オブジェクト検出は、画像やビデオ内の物体を識別し、その位置を特定するコンピュータビジョンタスクです。

オブジェクト検出 is a significant area of computer vision that involves the identification and localization of objects within images or video streams. It combines two critical tasks: classification and localization. Classification determines what objects are present in an image, while localization identifies where those objects are located by providing bounding boxes around them.

Modern object detection systems typically use machine learning techniques, particularly deep learning models, to achieve high accuracy and efficiency. These models, such as 畳み込みニューラルネットワーク (CNNs), are trained on large datasets containing labeled images, allowing them to learn features that distinguish different objects.
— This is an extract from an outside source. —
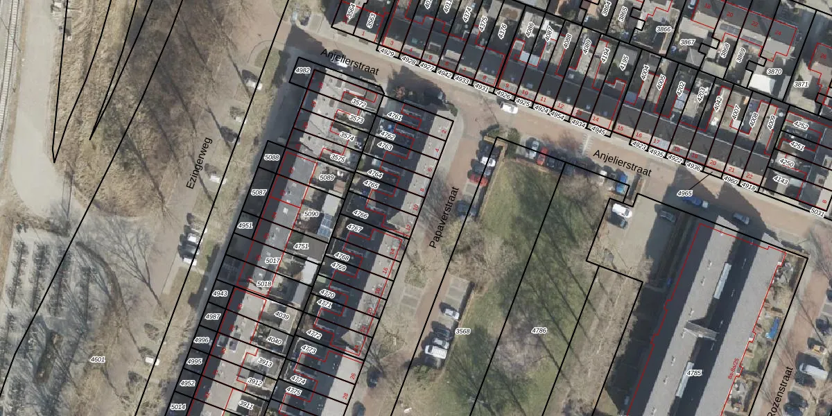 Gebruik de zoekbalk of klik op een perceel voor informatie over de adressen binnen dit perceel.

オブジェクト検出はさまざまな分野で多くの用途があります。において 自律走行車, it helps identify pedestrians, traffic signs, and other vehicles. In retail, it can be used for inventory management by detecting products on shelves. Additionally, it is employed in security systems to identify suspicious activities or objects.

一部の人気のある algorithms オブジェクト検出に使用されるものには:

  • 一度きりの人生 (You Only Look Once): A real-time object detection system that processes images in a single pass, making it extremely fast.
  • 高速R-CNN: An improvement over the original R-CNN, this method uses a Region Proposal Network (RPN) to propose regions of interest for object detection.
  • SSD(Single Shot MultiBox Detector): Another リアルタイムのオブジェクト検出モデル that achieves high accuracy by predicting bounding boxes and class scores simultaneously.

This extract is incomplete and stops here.